This post originally appeared on Murder Is Everywhere.
I went to Dallas last weekend for Bouchercon, a 50-years-old-and-counting annual mystery convention. The weather was cold, yet the Texans were warm. So were the folks I chatted with among the flood of 1800 mystery lovers who arrived from all points. This year’s theme was suited to conventional thinking about Dallas: Diamonds, Denim and Death!
Every day was filled with book talk. This was done on panels, in the book room, the bar, the hallways. I met people from as far as Israel and India, and as close as Indianapolis. I met so many new friends that I hope to see again.
Even though Bouchercon is ostensibly about attending panels of crime novelists and publishing professionals, there are many side parties and special activities. Soho Press, my publisher, specializes in mysteries by authors from around the world, and they threw a special reception for author Peter Lovesey, who was celebrating the eighteenth adventure of his brilliant police detective, Superintendent Peter Diamond. I tore almost one hundred raffle tickets for people wanting the Diamond book bonanza. This was another slick way to make friends.
I feel so much at home with a publisher like Soho, who is enthusiastically committed to publishing great fiction with characters who are diverse in national backgrounds—and not sprinkled in for color, but because they are compelling people and their stories are unforgettable. At the Soho International Guest of Honor party, Peter Lovesey announced a new Soho contest for first-time authors with a paid advance and publication. He got his start with a literary contest in England, and that’s similar to how I broke into print (the Malice Domestic Unpublished Writers Grant Contest).
When I began going to Bouchercon in 1996, the majority attendance was white men. Gender dominated the atmosphere in the bar and in the pale rooms. For the most part, Bouchercon no longer has that feeling of an old boy network. The con feels like a place for many people to express what it is they bring to mystery or love about it. I hear about mystery book groups, field research in New Zealand, and secret hikes into off-limit areas. Also crafts, quilts, and cocktail recipes.
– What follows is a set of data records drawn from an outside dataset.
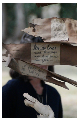
Installation suspendue © Alexia Anfry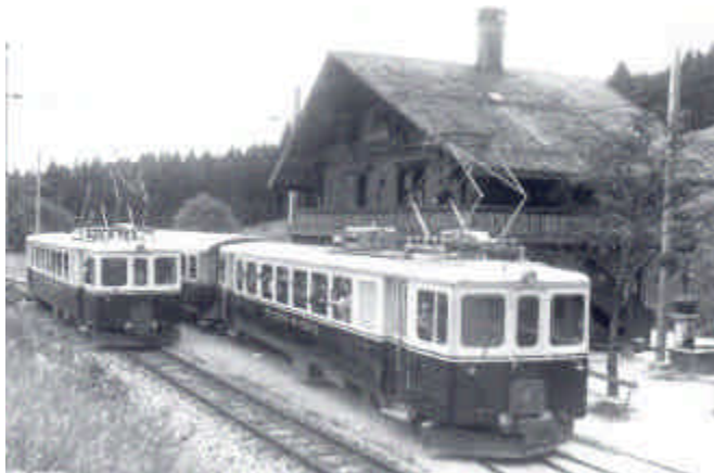
Epoque 1: BCe 4/4 1 1945-1956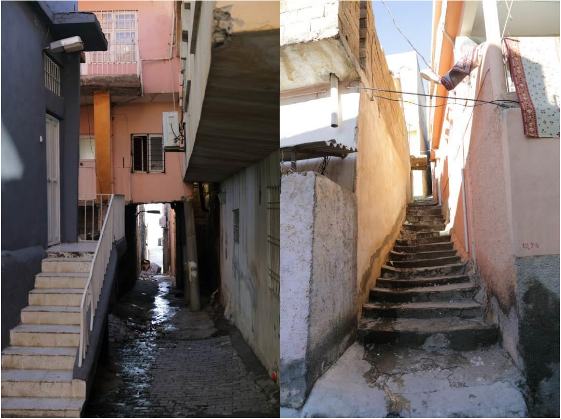
Fotoğraf 14: “Tarihi Mardin” dokusuna benzer, Dar Sokaklar, Abbaralar

Mahalledeki yapılara bakıldığında, yapı malzemesi olarak öngörülen, piyasada satılan, kullanım reçeteleri belli olan malzemeleri farklı şekillerde kullandıkları görülür.(Fotoğraf 15) Farklı malzeme kullanım biçimlerinin denenmesi ve dönüştürülmesi durumu, Saraçoğlu Mahallesiindeki ekonomik imkansızlıklarla ilişkili olduğu söylenebilir. Mahallenin fiziksel özelliklerinin oluşumunda, maddi imkanlar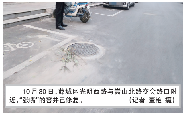
10月30日, 薛城区光明西路与嵩山北路交会路口附近, “张嘴”的窨井已修复。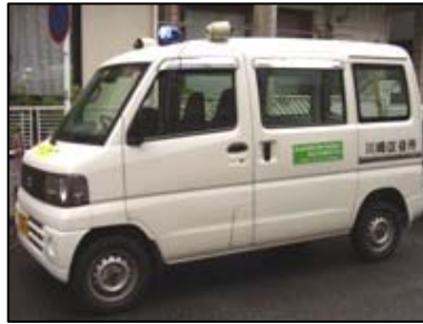
◆青色回転灯を装着した車両でパトロール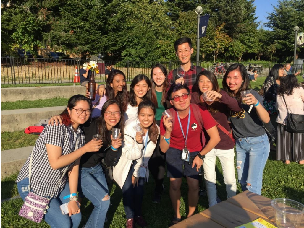
The University of British Columbia, 08/2018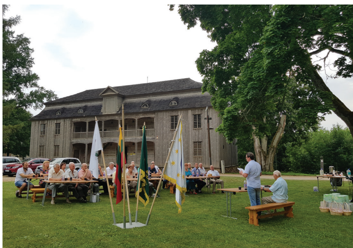
Šventinio renginio akimirka

Lietuvos agronomų sąjungos (LAS) Šiaulių r. skyriaus agronomai susirinko Kurtuvėnų regioniniame parke paminėti Lietuvos agronomų sąjungos 100-metį ir Agronomų dieną.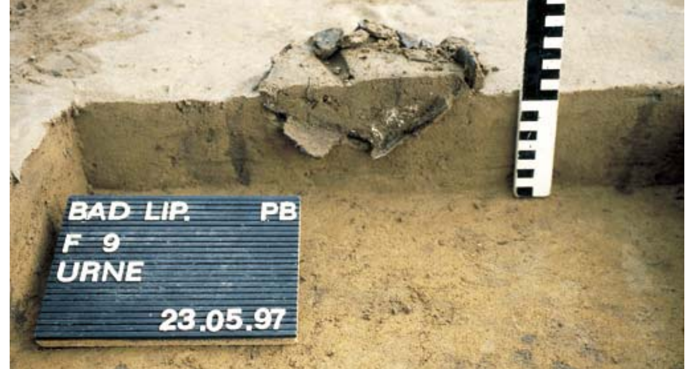
Abb. 4 Reste einer weitgehend zerstörten bronzezeitlichen Urne während der Ausgrabung.

Weitere Befunde oder Funde ließen sich innerhalb des durch den Graben eingegrenzten Areals nicht nachweisen. Allerdings wurden überraschender Weise außerhalb des Ringes mindestens fünf Brandgräber entdeckt. Sie befanden sich unmittelbar unter dem Mutterboden und waren in ihren oberen Bereichen schon durch landwirtschaftliche Bodenbearbeitung zerstört. Die verbrannten menschlichen Knochen, der sog. Leichenbrand, zeigten sich in Form kleiner weißer Stippen, die verstreut zwischen Scherben vom Pflug zerstörter Urnen lagen (Abb. 4). Obwohl die Urnen zu großen Teilen zerstört und nur in vielen kleinen Scherben erhalten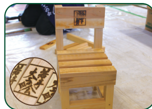
完成した椅子には若手大工の会の焼印入り!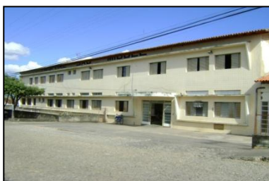
FIGURA 5: Hospital São Miguel, Jequitinhonha, Minas Gerais, 2009.

Em algumas situações, devido às dificuldades geográficas e de transporte para se chegar à sede do município, casos urgentes são dirigidos a centros urbanos mais próximos, como Itaobim e Medina. Pacientes portadores de determinados problemas de saúde são encaminhados pelo programa de Tratamento Fora do Domicílio (TFD), em centros de maiores recursos. Geralmente esses encaminhamentos são realizados para a cidade de Teófilo Otoni, distante 250 km, ou para a capital do Estado.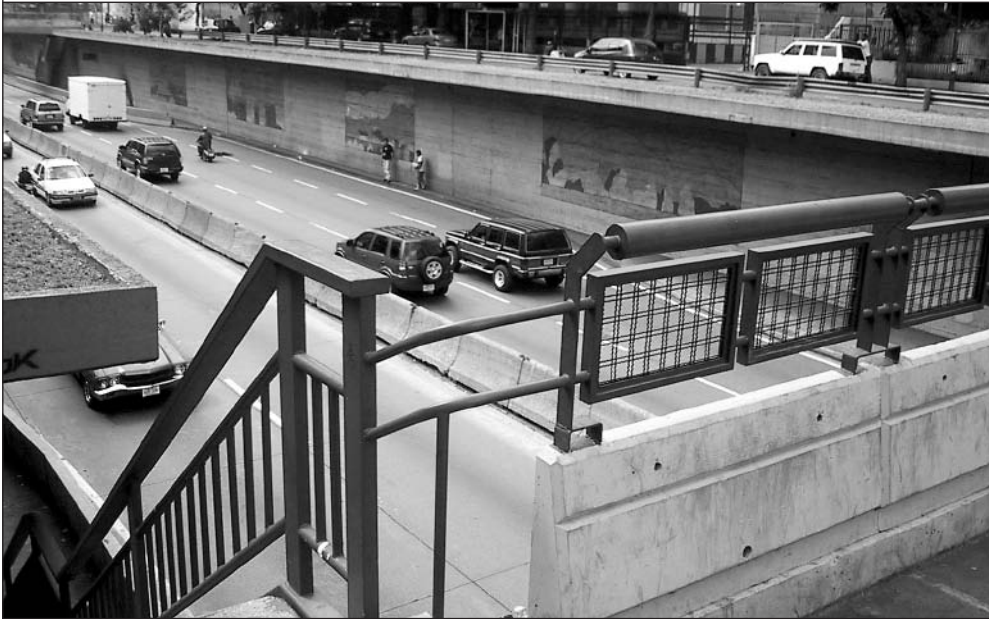
Imagen 2: Pasarela, avenida Libertador.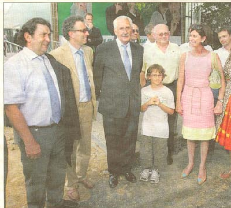
De nombreuses personnalités ont fait le déplacement à Esch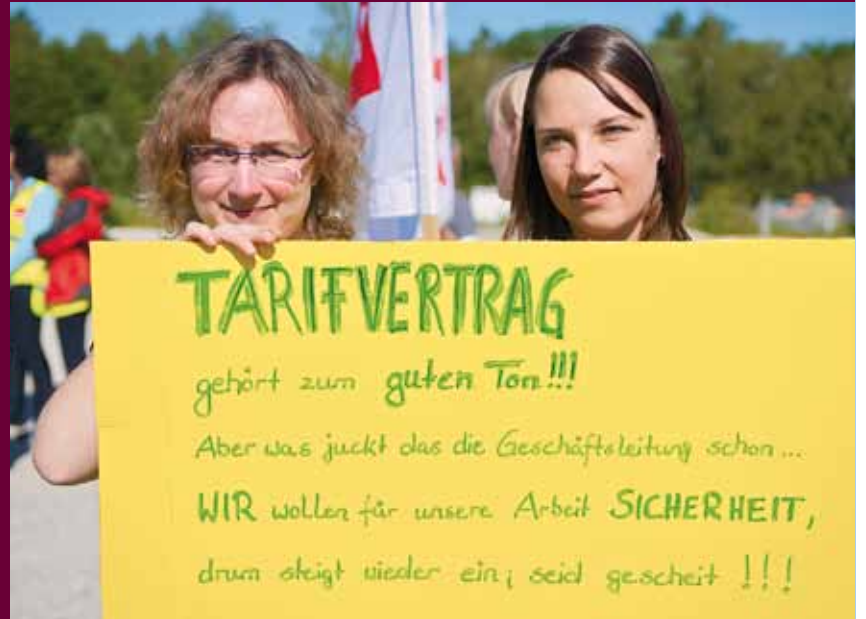
Demonstration in Rain am Lech als Auftakt für mehrtägige Dehner-Streiks an verschiedenen Standorten in Bayern. Vor der Unternehmenszentrale kam es zu einer Kundgebung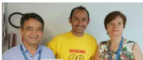
NOVEMBRO Pagamento da Ação dos Deltas da CEF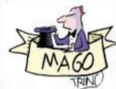
D. PRENSA/OCIO.COM | 1 482 2 2000 | INFORMATICA/OCIO.COM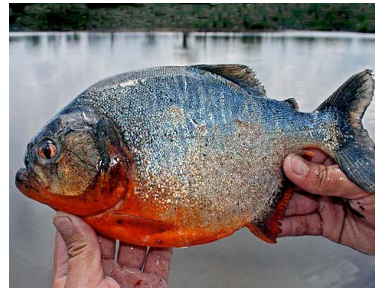
51 Paña roja Pygocentrus nattereri T: Uchuma CHARACIDAE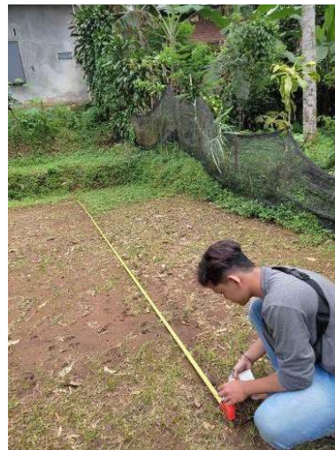
Gambar 12 Pengukuran Lapangan Bola Voli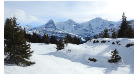
Eiger, Mönch und Jungfrau immer gegenüber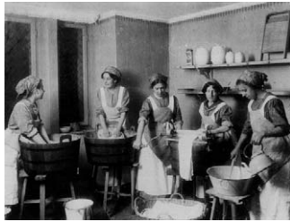
Aus der Ausstellung „Waschen – Baden – Putzen: Sauberkeit im Wandel der Zeit“.

jahres „ Burgdorf: Hier findet Ehrenamt Stadt! “ würdigt die gleichnamige Ausstellung im Stadtmuseum vom 22. Februar bis 21. April den selbstlosen Einsatz von rund vierzig ehrenamtlich tätigen Burgdorferinnen und Burgdorfern, die repräsentativ aus dem vielfältigen städtischen Vereins- und Organisationspektrum ausgewählt worden sind.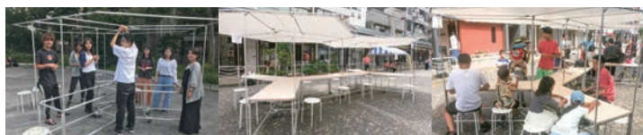
深川敬老感謝祭 2019年9月15, 16日 (東京都江東区)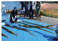
海藻と環境セミナー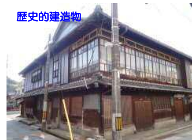
歴史的建造物をハイエンドな宿泊施設・飲食店へリノベーション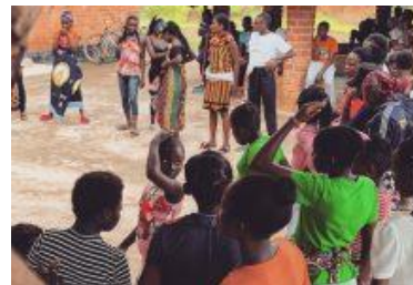
WYPOSAŻENIE ORATORIUM ZAMBIA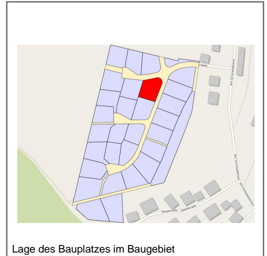
Lage des Bauplatzes im Baugebiet

Im westlichen Bereich von Cornberg befindet sich in landschaftlich wundervoller Lage das Baugebiet "Über dem Schulwäldchen". Dem interessierten Bauherrn stehen hier 28 Bauplätze zur Verfügung. Die Grundstücke sind voll erschlossen und können sofort bebaut werden.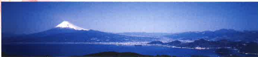
達磨山からの展望 (修善寺温泉から車で15分)

昭和14年に開催されたニューヨーク万国博へ、日本政府によりここから撮影した高さ8.2m、巾32.7m(268,14m)に及び大パノラマ写真が出品され、大称賛を博した。これは、日本の代表的な景白である富士山を、世界に紹介するため企画されたもので、当時旧名を受けた六桜社(現コニカミノルタ)の技師が、鯉河、甲州、信州など、富士山回りを一巡し、適地を探した結果、この達磨山を選んだといわれています。鯉河湖を前景に、左に南アルプス、右に箱根連山を従えた大パノラマは、まさに『日本一の展望地』といえます。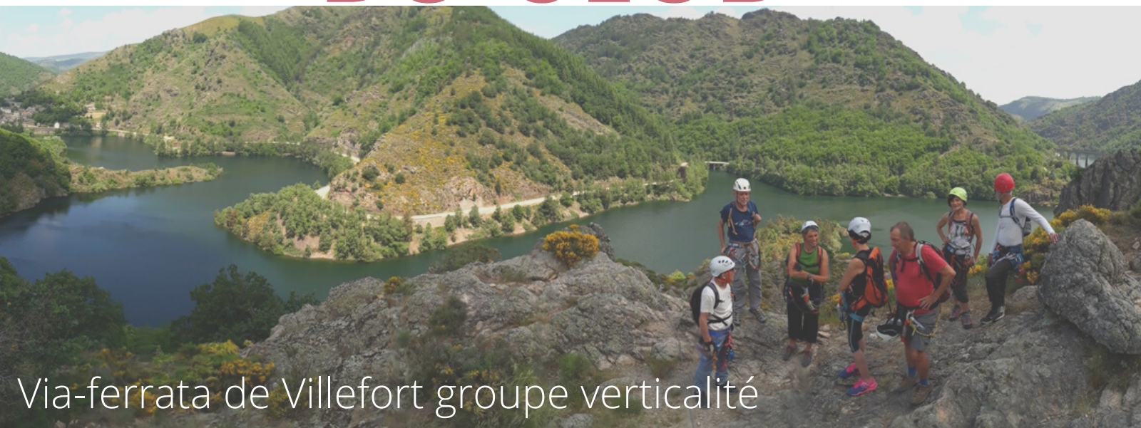
Via-ferrata de Villefort groupe verticalité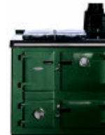
Vert foncé « racing green »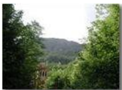
Il Castello dei Fieschi (Savignone)

Pietro Marcheselli - Olympus Camedia 3000 <2001 - Estate - Savignone - Fiori&Fauna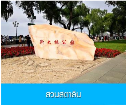
สวนสตาลิน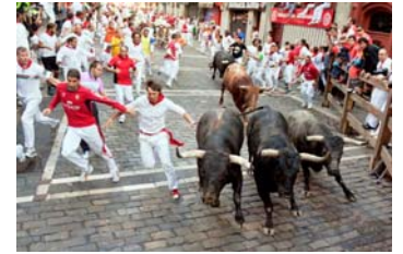
有名なパンブローナの牛追い祭り (7月)

OP=オプション AF= エールフランス ※急患など医療施設の急な事情により、訪問日や視察内容・視察先が変更になることもありますので予めご了承願います。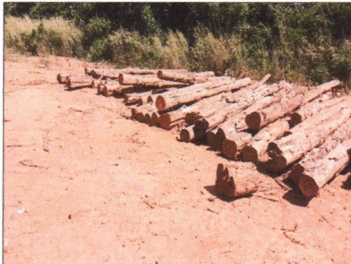
ลำดับที่ 5 กองที่ 5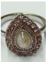
Abreinigen von Trageschmutz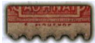
Obr.7 Chybějící dolní polovina jména rytce

Podívejte se na rozdíl mezi katalogovými čísly 110 a 110a viz (obr.6). Ten tvoří chybějící jméno rytce Mouchona u čísla 110a. U značného počtu chybí pouze spodní polovina jména rytce. Tyto známky však považujeme za katalogové číslo 110 (viz obr.7).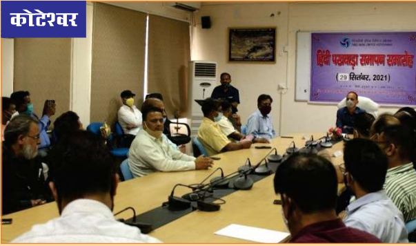
कोटेश्वर परियोजना में हिन्दी पखवाड़ा के अवसर पर आयोजित कार्यक्रम के दृश्य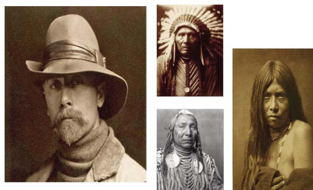
Foto 1. Edward Curtis (1868-1958).

artística observó y fotografió a más de ochenta grupos indígenas del Norte de Estados Unidos. Al respecto de su trabajo Curtis manifestó: “La muerte de cada hombre o mujer significa el fin de alguna tradición, de algún conocimiento o rito sagrado que sólo ellos poseen. Por lo tanto, la información que pueda ser recopilada para el beneficio de generaciones futuras, respetando el modus vivendi , debe recogerse ahora o la oportunidad se perderá para siempre” 5 .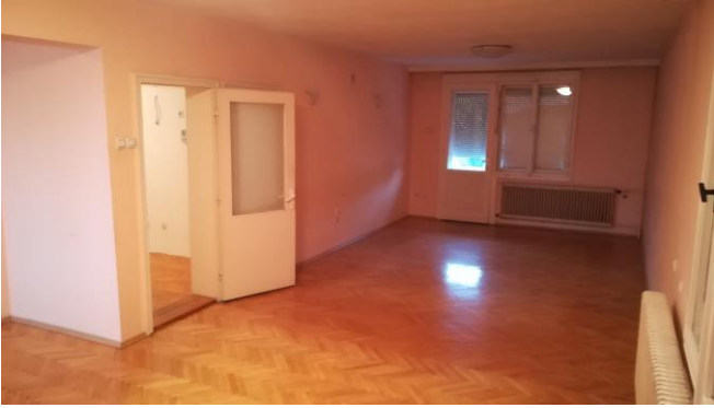
Салон – 2 кат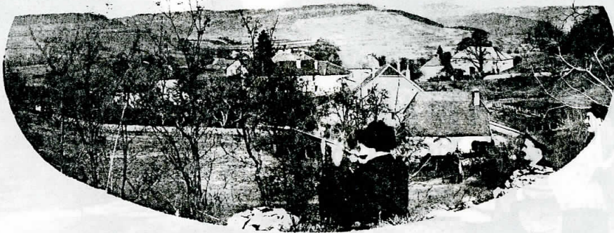
CHATELNEUF — Bas du Village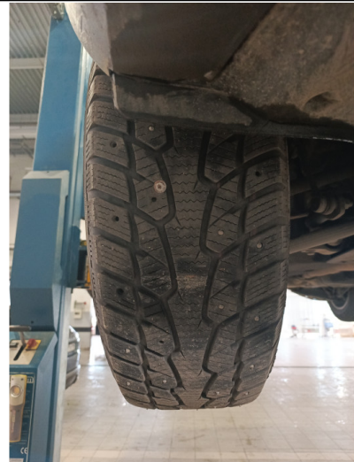
Шины и диски задних колес. Критические замечания

С транспортным средством и информацией по нему ознакомлен(а):

In addition to panels where we can learn the secrets behind beloved books, the convention is also a haven for awards ceremonies. The convention bestows a fan-voted prize called the Anthony, which is named after the inspiration of the convention, the late New York Times book critic Anthony Boucher, said to be the first journalist who treated mystery fiction as serious literary works. Other mystery-centric organizations like Mystery Readers International give out the Macavity awards for general mystery fiction, and the Private Eye Writers of America awards the Shamus awards for professional investigator novels and stories. The Barry and the Dillinger are also coveted awards at Bouchercon. But that’s not enough for Bouchercon. Its organizers also shower honors on booksellers, fans, and other special people who have built the power of mystery fiction. The overall theme is love and thanks for keeping our literary world booming.
If you go to enough conventions, you may no longer wear a size six little black dress, but there are some sizable advantages. Being an old-timer means you can enjoy seeing friends and newcomers light up as they receive their first requests for books to be signed, and maybe even awards for them. This year brought a special thrill when my friend Shawn (S.A. Cosby), whose first novel comes out next year with Forge, won the Anthony for best short story. He had moved me to tears a few nights earlier reading this prize winning story, The Grass Beneath My Feet, aloud in the hotel bar.
Yes. Only with mystery lovers, is there read-aloud story time in bars.
On Halloween night itself, I was humbled to win the Macavity Award for The Widows of Malabar Hill. It turned out to be a beautiful crystal keepsake that will be take pride of place alongside a fabric Macavity cat award I won many years ago for The Flower Master. The nominees in this category were so excellent, I think any one of us could have won. So I am especially grateful, following the amazing awards this book has already gathered.
I was also nominated for a Shamus award given by the Private Eye Writers of America. I was very surprised that Perveen Mistry was seen as fitting into this category—she’s a legal investigator, not a gumshoe. I hardly minded losing to Kristen Lepionka, who wrote a great modern PI novel featuring a woman, What You Want To See.
At the Shamus awards dinner, some words were casually said that led to many follow-up dialogs on Facebook and Twitter about how we can welcome people we don’t know well into our various tight-knit mystery worlds. Some of the conversations were quite heated, while others were healing. Anyway, it wasn’t until a few days after I got home that I could put away this other baggage, too.
When the new books go on the shelf, the old suitcase returns to the attic, and the wrinkled receipts go to the tax box, I no longer have visions of diamonds, denim and death.
It’s time to stop chatting and start writing again.